Prices are falling for the popular obesity treatments Wegovy and Zepbound, but steady access to the drugs remains challenging.

The medications still amount to around $500 a month for users without insurance — out of reach for many patients. And even for people with insurance, coverage remains uneven.

Doctors say the situation forces them to get creative in treating patients, but there’s hope that prices may fall more in the future.

Zepbound brought in $2.3 billion in U.S. sales during this year’s first quarter, making it one of drugmaker Eli Lilly’s best sellers.

Novo Nordisk says Wegovy has about 200,000 weekly prescriptions in the U.S., where it brought in nearly $1.9 billion in first-quarter sales.

Mercer, a benefits consultant, says more businesses with 500 or more employees are adding coverage of the injected drugs for their workers and family members.

And Novo says 85% of its patients who have coverage in the U.S. pay $25 or less monthly.

Plus some patients with diabetes can get coverage of the GLP-1 drugs Ozempic and Mounjaro from Novo and Lilly that are approved to treat that condition.

But most state and federally funded Medicaid programs don’t cover the drugs for obesity, and neither does the federal program Medicare.
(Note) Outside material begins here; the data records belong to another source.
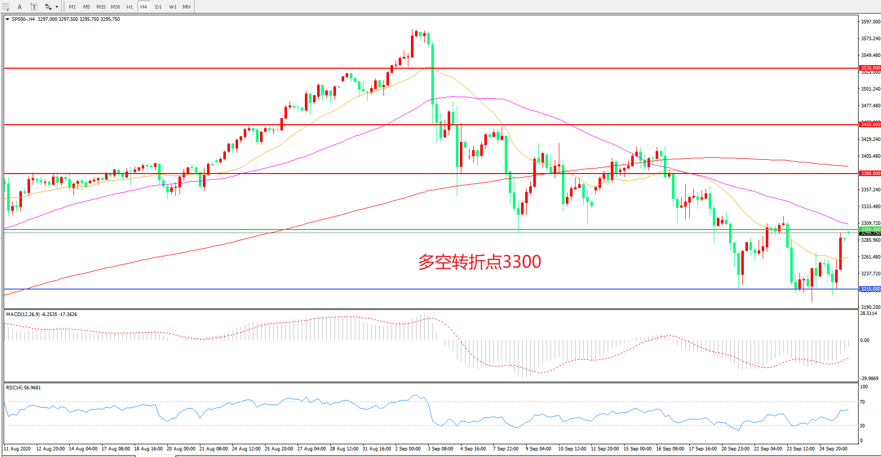 上周五(9月25日),经历了近一个月的下跌之后,美股终于迎来了难得的反弹,标普500指数涨1.6%,报3287.25点。但一天的上涨难以抵消全周的低迷,标普500指数周跌0.6%,录得周线四连阴,为2019年8月以来的最长跌势。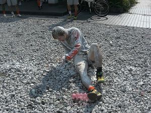 儀式終了後、みんなが体育館の中へ着替えに戻った後もなかなか卵と小麦粉がとれずに体育館の中に入ることすらできない本日の主役、マナブでした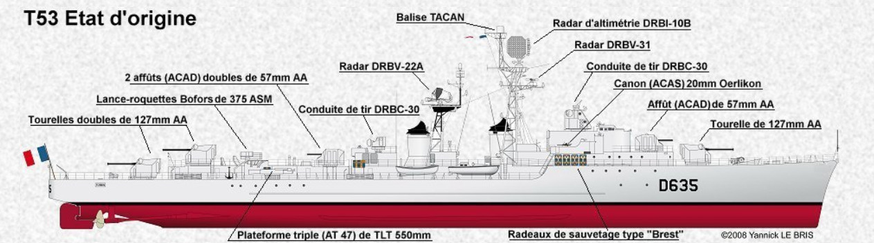 Wishing to acquire anti-aircraft escorts with good combat capabilities to strengthen its fleet, decimated by the Second World War, France launched a major construction project for this type of ship in the late 1940s and early 1950s, thus giving rise to the three major classes of anti-aircraft escorts: the T47, T53, and T56 classes. The 14th of these ships and the last of the T53 class, the Jauréguiberry features all the characteristic features of these ships: high speed, decent anti-aircraft weapons, and modern equipment such as radars.

Even the plans that cover the drugs often pay only a portion of the bill, exposing patients to hundreds of dollars in monthly costs.

Bill-payers like employers are nervous about drugs that might be used by a lot of people indefinitely.

Some big employers have dropped coverage of the drugs because of the expense. Pharmacy benefit managers, or PBMs, also are starting to pick one brand over the other as they negotiate deals with the drugmakers.

One of the nation’s largest PBMs, run by CVS Health, dropped Zepbound from its national formulary, or list of covered drugs, on July 1 in favor of Wegovy.